Furthermore, the concept from Schema theory also influences how we understand the way information gets sorted, recalled, and used. According to the schema theory, we used our prior knowledge in understanding and associating the information that was presented to us. We make sense of what happens by recalling past experiences to interpret and guide how we solve problems. The richer our knowledge base is, the faster we can learnThis influences learnability. The “Baseball Study” by Recht & Leslie shows that students with more background knowledge about baseball comprehended and recalled a baseball-themed passage much better, even outperforming more skilled readers who lacked that background.

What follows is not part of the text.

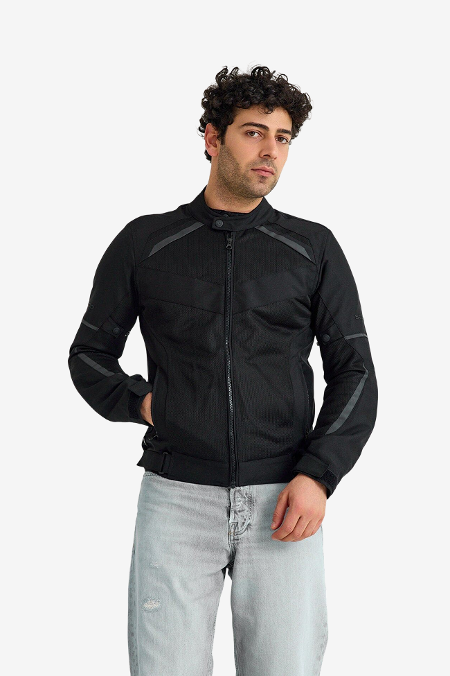 Bu ceketin arkasındaki halka, onu kot pantolonunuza takmanıza olanak tanır ve bu da ceketin kaymasını önler: Motosiklet sürerken artık sırtınız açıkta kalmaz. Ceket korumaları kol uzunluğuna göre ayarlanabilme özelliğine sahip.

=== Motivation and emotions ===
Motivation and emotion also play a critical role in influencing the ability to learn for individuals. Motivation directs behavior and influences persistence. For example, intrinsic motivation (e.g., curiosity, sense of purpose) linked to deeper engagement and long-term learning, while extrinsic motivation can boost performance but may not sustain learning. Emotions modulate attention, memory, and problem-solving. Positive emotions (e.g., enjoyment, pride) enhance self-regulation and learning strategies, whereas negative emotions (e.g., anxiety, boredom) may impair these processes, though mild anxiety can sometimes heighten extrinsic motivation to avoid failure.

=== Biological progression ===
Biological progression also shape learning ability, particularly age-related changes in cognitive processing, sensory function, and motivation. For example, fluid intelligence follows a biological progression, typically peaking in early adulthood and gradually declining with age, while crystallized intelligence progresses differently, increasing through midlife and remaining stable into later adulthood.

Several additional cognitive and sensory changes influence learning:

- Working memory capacity declines gradually after midlife, reducing the ability to juggle multiple new ideas at once.
- Processing speed slows with age, requiring more time to absorb and respond to new information.
- Attention control shifts: selective attention remains relatively stable, but divided attention and executive control often decline.
- Sensory acuity in vision and hearing decreases over time, which can reduce the clarity of input (Schneider & Pichora-Fuller, 2000).
- Neuroplasticity persists into older adulthood but at a reduced rate, meaning that new skills often require more repetition and practice to master.

Despite these changes, older adults often excel in knowledge-rich tasks. Preserved or enhanced semantic memory and crystallized intelligence allow them to perform well in domains such as vocabulary and general knowledge.

They are particularly successful when learning tasks:
- Leverage prior knowledge to connect new material to existing frameworks.
- Use supportive instructional design such as step-by-step explanations, worked examples, and practice activities.
- Provide positive feedback and mindset cues that strengthen self-efficacy.
- Offer optimized environments with autonomy, external attentional focus, and opportunities for social learning.